Records excerpted from a collection
•••
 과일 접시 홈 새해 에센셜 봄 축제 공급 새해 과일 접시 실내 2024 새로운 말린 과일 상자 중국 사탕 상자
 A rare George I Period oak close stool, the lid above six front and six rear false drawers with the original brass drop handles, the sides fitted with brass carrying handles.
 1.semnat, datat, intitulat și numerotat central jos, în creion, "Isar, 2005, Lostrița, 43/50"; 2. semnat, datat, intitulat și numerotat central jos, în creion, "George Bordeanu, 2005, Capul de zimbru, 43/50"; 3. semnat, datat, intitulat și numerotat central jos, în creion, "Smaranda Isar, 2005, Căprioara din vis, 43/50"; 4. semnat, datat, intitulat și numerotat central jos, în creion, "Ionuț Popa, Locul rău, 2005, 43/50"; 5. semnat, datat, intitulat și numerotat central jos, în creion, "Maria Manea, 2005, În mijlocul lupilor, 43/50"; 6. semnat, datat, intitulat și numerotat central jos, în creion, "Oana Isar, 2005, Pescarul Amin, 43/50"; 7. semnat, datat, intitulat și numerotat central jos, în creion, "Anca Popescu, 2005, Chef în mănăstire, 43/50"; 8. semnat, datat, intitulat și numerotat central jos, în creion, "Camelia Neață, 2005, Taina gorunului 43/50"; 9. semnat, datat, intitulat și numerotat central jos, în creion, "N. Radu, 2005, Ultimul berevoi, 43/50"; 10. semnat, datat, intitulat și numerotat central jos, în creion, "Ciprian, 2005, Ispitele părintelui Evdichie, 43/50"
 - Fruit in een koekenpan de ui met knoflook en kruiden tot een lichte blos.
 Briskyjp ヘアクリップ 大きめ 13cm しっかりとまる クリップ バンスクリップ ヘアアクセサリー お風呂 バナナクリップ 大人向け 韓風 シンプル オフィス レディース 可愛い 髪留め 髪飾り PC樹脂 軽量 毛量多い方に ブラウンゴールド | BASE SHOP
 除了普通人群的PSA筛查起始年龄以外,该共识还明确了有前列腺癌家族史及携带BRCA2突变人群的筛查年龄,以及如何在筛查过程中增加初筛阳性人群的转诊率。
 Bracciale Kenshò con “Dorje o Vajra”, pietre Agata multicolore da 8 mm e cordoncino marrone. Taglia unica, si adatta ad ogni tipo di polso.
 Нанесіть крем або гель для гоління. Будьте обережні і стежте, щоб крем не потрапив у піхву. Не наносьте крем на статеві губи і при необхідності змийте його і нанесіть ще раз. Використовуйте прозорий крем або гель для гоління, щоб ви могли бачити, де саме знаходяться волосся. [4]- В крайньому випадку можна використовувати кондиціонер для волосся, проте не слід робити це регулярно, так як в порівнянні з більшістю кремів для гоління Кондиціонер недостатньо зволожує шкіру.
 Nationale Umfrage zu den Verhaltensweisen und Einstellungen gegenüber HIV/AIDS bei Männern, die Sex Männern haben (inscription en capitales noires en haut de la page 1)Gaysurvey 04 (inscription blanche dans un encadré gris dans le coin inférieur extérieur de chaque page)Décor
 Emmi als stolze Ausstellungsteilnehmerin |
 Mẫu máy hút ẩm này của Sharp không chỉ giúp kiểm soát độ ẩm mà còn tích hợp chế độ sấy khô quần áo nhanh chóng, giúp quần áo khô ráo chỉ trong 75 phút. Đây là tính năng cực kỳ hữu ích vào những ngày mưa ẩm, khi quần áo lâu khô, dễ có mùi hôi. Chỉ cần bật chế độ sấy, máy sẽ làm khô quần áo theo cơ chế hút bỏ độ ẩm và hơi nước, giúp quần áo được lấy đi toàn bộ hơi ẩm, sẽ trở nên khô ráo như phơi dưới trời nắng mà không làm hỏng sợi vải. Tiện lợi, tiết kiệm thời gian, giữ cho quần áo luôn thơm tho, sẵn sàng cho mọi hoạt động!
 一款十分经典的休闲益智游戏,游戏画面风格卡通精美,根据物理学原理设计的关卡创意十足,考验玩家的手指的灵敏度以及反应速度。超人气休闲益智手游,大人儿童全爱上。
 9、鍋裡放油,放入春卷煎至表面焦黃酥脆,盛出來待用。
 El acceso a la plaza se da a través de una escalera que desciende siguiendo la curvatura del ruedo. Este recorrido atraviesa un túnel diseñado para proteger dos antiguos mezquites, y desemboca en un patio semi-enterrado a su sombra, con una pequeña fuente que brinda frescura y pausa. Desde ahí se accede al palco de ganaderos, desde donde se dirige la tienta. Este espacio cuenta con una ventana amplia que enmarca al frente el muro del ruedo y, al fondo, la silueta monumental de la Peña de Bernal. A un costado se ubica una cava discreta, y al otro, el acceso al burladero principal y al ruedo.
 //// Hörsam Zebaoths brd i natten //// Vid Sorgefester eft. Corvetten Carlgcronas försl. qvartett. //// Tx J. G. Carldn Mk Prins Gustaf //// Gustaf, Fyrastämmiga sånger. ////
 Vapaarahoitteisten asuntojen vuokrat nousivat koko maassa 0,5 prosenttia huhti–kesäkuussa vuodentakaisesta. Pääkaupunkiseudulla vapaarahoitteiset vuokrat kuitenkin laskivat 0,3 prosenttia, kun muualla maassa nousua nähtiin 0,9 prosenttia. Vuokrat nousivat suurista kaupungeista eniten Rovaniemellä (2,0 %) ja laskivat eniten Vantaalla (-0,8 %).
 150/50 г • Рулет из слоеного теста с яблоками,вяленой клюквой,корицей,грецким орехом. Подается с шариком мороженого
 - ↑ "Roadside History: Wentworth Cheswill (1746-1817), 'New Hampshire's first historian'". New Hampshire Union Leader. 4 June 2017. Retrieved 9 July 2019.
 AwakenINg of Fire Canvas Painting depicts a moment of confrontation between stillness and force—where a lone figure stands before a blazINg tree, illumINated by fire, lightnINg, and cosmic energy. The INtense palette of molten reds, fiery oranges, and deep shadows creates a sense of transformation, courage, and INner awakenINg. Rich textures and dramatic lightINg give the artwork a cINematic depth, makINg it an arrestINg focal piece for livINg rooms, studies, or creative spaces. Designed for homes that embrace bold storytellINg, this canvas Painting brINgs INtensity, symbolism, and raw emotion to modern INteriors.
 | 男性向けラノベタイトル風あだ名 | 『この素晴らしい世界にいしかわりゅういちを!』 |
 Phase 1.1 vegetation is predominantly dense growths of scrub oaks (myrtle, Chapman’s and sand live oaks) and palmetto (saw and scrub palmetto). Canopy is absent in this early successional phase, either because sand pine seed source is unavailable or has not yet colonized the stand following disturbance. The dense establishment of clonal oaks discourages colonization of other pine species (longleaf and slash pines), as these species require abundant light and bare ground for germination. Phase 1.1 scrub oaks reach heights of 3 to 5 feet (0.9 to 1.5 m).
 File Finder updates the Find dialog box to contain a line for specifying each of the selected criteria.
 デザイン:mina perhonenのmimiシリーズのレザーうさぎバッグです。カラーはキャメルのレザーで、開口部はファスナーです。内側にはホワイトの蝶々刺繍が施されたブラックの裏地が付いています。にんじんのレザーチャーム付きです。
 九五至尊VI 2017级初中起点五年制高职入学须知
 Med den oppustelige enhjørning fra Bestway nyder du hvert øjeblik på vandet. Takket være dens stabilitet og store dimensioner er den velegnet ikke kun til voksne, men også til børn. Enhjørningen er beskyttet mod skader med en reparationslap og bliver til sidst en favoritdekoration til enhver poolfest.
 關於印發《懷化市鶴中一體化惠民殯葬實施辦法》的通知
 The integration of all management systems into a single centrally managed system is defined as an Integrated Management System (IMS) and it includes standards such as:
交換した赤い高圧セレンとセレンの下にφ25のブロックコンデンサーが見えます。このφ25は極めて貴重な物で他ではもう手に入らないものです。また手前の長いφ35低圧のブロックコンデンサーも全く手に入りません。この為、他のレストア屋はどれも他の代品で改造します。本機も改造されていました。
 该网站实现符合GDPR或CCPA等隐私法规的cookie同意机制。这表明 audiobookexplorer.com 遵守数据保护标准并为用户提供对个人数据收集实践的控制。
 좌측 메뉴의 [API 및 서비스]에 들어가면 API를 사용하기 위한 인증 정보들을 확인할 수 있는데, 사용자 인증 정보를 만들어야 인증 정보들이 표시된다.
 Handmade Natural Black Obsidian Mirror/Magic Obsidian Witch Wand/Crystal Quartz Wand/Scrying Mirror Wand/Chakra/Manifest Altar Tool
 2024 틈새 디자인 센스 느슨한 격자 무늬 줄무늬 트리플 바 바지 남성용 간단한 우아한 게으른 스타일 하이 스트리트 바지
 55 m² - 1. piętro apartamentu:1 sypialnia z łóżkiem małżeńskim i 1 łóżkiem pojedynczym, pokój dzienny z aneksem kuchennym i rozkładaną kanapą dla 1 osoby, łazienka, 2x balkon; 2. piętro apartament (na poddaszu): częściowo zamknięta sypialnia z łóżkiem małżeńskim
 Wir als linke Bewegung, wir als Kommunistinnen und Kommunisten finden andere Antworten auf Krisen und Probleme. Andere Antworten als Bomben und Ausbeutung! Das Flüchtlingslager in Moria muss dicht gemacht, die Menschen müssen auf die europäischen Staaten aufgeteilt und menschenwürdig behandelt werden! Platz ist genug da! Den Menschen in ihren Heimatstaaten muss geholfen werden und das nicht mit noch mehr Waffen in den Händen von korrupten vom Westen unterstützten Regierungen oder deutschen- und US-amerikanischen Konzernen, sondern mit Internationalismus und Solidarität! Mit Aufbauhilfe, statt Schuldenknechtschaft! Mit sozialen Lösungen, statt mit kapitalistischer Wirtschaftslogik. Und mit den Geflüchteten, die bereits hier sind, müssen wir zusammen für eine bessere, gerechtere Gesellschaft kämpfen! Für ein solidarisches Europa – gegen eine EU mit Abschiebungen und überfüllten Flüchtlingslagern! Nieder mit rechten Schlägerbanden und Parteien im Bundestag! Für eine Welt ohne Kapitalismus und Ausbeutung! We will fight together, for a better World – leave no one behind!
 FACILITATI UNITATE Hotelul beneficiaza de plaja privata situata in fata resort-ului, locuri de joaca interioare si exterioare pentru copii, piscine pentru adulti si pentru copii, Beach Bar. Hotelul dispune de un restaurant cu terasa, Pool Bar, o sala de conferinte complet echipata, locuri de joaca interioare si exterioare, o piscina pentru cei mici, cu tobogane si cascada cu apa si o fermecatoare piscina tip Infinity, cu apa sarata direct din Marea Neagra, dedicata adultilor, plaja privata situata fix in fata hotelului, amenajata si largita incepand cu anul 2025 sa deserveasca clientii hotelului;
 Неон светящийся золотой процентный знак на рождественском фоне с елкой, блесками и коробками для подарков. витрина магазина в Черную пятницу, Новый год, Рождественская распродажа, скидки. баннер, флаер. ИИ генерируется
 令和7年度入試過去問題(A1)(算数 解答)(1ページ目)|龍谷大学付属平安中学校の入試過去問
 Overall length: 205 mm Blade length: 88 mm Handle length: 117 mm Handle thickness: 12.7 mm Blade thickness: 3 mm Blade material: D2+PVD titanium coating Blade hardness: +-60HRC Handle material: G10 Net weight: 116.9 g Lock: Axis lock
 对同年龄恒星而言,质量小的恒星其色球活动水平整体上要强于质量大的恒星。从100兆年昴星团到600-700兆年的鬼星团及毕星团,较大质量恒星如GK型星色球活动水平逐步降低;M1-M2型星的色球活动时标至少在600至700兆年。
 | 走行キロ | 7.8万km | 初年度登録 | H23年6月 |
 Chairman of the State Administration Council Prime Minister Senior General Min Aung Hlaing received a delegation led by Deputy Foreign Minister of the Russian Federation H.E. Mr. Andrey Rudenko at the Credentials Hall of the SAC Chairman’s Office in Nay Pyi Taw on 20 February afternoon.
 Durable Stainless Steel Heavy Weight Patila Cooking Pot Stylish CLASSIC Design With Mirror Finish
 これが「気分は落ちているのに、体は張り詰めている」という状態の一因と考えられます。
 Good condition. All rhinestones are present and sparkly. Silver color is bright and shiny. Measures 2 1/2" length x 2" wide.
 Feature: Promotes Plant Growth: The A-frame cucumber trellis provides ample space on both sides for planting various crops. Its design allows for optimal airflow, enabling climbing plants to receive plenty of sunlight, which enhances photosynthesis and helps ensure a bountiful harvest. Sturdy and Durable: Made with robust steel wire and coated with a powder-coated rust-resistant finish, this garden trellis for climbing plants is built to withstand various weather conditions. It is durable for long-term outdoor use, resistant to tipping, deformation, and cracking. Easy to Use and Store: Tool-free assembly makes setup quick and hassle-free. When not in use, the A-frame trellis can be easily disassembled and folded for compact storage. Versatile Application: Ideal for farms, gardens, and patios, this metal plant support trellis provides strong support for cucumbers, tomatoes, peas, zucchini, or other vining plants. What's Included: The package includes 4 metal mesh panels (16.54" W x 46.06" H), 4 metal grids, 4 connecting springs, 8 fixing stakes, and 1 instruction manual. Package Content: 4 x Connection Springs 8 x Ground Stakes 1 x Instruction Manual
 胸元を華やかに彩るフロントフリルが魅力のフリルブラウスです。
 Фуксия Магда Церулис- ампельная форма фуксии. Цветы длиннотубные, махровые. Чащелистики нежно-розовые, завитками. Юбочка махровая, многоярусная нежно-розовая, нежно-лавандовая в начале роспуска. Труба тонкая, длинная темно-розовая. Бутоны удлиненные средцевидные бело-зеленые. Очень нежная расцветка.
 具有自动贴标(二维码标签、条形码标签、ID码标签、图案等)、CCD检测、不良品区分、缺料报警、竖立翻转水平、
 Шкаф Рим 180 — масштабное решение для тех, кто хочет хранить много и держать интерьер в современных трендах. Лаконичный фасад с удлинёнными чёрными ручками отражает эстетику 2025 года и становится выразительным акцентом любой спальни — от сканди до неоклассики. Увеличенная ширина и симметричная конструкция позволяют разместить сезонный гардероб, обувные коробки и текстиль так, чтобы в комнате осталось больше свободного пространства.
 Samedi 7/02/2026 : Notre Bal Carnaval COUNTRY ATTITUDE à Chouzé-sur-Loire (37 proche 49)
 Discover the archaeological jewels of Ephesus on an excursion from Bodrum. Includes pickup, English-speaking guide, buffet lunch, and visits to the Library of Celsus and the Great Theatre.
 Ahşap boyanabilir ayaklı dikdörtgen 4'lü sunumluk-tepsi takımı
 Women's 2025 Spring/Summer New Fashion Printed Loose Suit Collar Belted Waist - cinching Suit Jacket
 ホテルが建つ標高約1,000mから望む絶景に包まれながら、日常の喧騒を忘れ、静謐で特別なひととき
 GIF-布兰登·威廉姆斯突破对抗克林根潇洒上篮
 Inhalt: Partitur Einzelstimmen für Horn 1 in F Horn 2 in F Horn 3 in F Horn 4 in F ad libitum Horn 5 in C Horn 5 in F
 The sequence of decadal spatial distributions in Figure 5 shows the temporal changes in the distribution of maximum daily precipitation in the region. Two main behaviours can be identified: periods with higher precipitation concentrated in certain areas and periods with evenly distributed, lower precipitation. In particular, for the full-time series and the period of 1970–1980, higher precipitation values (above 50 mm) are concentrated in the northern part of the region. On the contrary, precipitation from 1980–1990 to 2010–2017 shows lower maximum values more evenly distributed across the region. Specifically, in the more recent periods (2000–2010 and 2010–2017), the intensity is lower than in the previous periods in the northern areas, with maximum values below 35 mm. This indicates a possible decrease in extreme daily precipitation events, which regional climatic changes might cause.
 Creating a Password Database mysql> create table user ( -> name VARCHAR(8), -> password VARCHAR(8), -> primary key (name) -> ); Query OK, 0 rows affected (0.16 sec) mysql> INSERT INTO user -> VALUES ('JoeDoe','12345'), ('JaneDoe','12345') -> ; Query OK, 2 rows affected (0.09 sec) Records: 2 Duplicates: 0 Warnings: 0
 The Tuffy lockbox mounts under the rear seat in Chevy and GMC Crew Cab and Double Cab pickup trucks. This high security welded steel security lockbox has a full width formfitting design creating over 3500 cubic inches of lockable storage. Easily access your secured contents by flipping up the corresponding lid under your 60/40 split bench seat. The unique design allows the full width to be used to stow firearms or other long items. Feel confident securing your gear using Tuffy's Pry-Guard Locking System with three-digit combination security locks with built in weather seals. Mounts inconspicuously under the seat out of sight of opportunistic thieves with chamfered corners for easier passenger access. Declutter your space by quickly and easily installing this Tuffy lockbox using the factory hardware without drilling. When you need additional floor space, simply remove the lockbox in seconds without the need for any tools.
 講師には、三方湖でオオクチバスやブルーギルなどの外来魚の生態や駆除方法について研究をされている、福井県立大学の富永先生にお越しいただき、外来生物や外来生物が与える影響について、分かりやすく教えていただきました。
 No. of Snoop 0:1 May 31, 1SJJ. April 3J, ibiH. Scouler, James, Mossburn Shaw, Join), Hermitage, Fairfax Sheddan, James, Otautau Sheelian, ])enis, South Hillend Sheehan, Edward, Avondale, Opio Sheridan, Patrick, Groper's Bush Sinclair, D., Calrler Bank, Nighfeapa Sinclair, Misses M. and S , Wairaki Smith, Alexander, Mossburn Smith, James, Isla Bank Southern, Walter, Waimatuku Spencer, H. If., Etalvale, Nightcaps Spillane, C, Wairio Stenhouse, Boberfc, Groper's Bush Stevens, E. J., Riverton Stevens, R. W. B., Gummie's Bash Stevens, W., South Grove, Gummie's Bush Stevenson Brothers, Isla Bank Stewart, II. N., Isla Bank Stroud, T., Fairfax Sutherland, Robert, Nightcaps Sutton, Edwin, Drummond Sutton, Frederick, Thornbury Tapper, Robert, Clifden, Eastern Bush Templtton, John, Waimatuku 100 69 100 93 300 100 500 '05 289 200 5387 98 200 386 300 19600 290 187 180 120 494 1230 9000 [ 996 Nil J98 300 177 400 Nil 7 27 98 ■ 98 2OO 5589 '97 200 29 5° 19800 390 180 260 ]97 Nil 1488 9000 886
•••
Exercise goal
Report every line in the data that holds "Mirror", copying each one.

Written response
 Handmade Natural Black Obsidian Mirror/Magic Obsidian Witch Wand/Crystal Quartz Wand/Scrying Mirror Wand/Chakra/Manifest Altar Tool
 Durable Stainless Steel Heavy Weight Patila Cooking Pot Stylish CLASSIC Design With Mirror Finish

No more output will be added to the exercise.